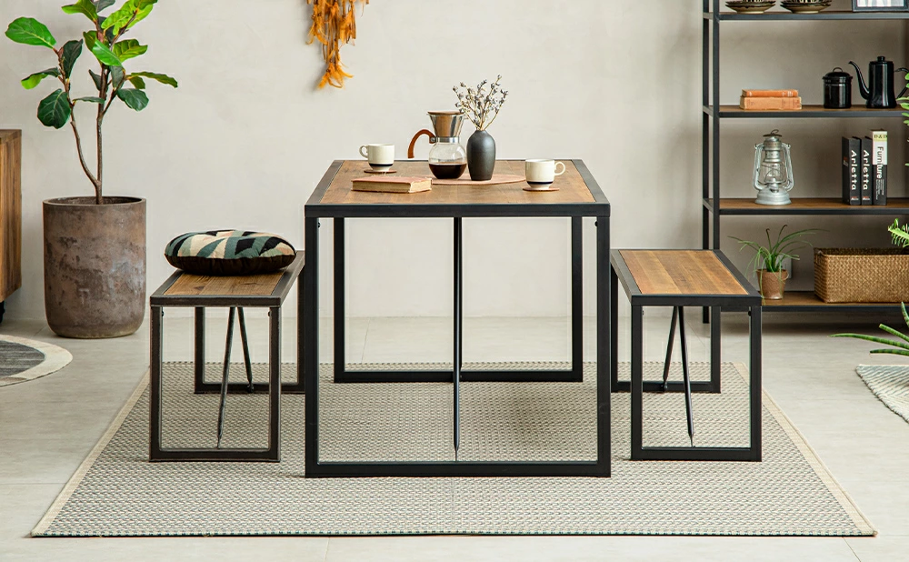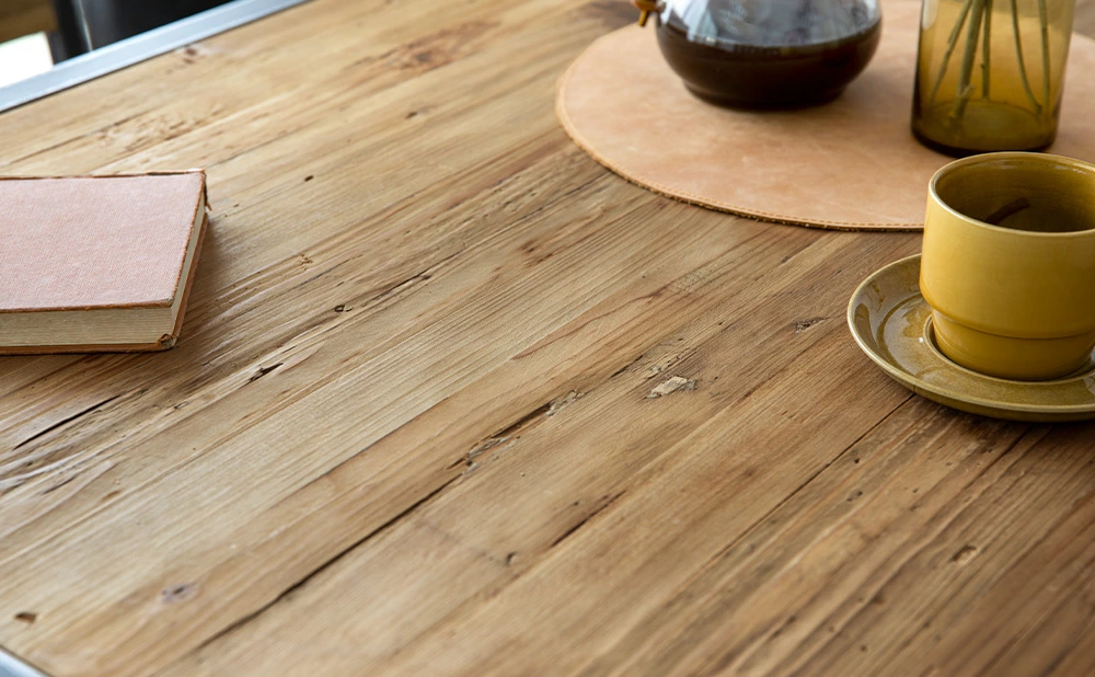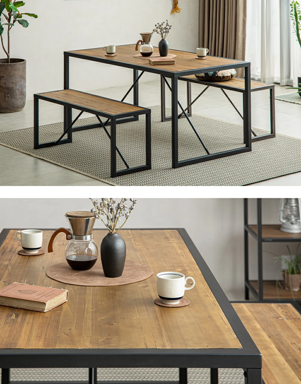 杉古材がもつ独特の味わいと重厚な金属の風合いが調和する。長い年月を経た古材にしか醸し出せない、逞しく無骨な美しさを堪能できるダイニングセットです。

==========

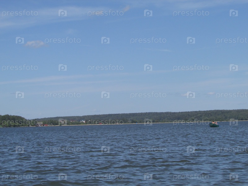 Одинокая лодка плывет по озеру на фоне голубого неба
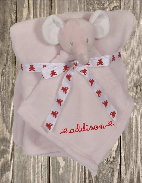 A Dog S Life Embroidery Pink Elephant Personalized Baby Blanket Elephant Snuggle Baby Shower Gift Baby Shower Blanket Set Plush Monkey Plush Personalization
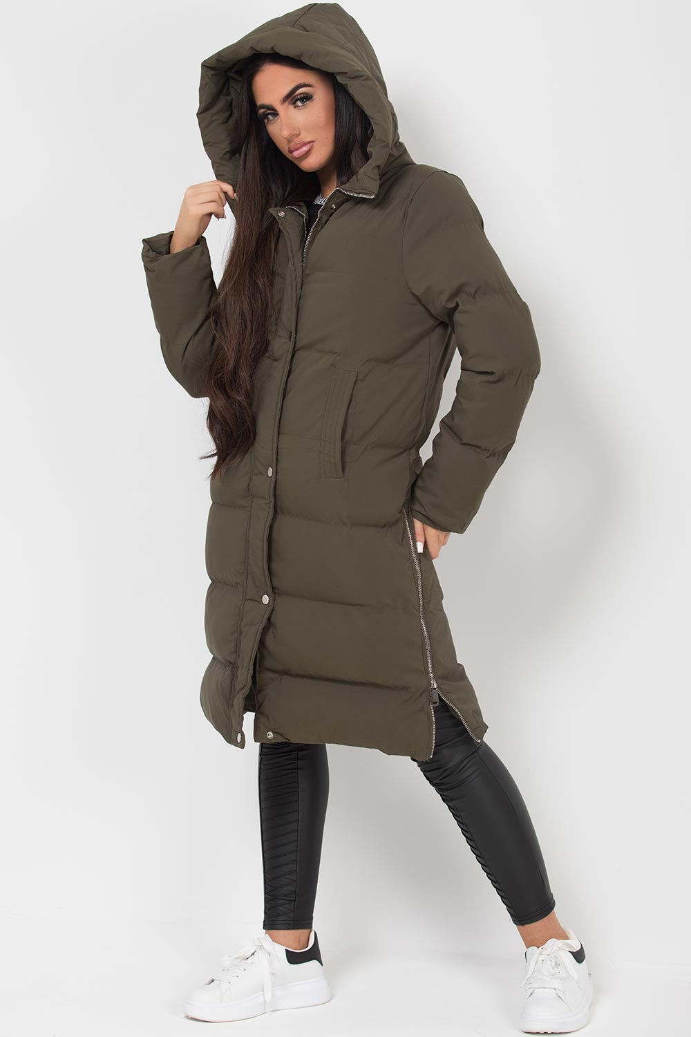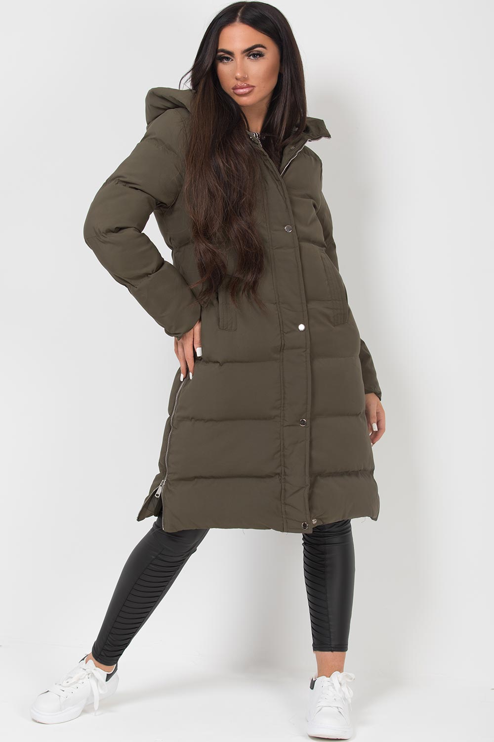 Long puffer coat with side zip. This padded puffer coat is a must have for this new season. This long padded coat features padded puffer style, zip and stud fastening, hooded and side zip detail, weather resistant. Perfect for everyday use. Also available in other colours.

==========

*Goal of the exercise*: Starting with the line above that holds "A Dog S Life", restate each line word for word up to and including the line that holds "Long puffer coat". Drop the pictures.

*Answer*:
 A Dog S Life Embroidery Pink Elephant Personalized Baby Blanket Elephant Snuggle Baby Shower Gift Baby Shower Blanket Set Plush Monkey Plush Personalization
 Long puffer coat with side zip. This padded puffer coat is a must have for this new season. This long padded coat features padded puffer style, zip and stud fastening, hooded and side zip detail, weather resistant. Perfect for everyday use. Also available in other colours.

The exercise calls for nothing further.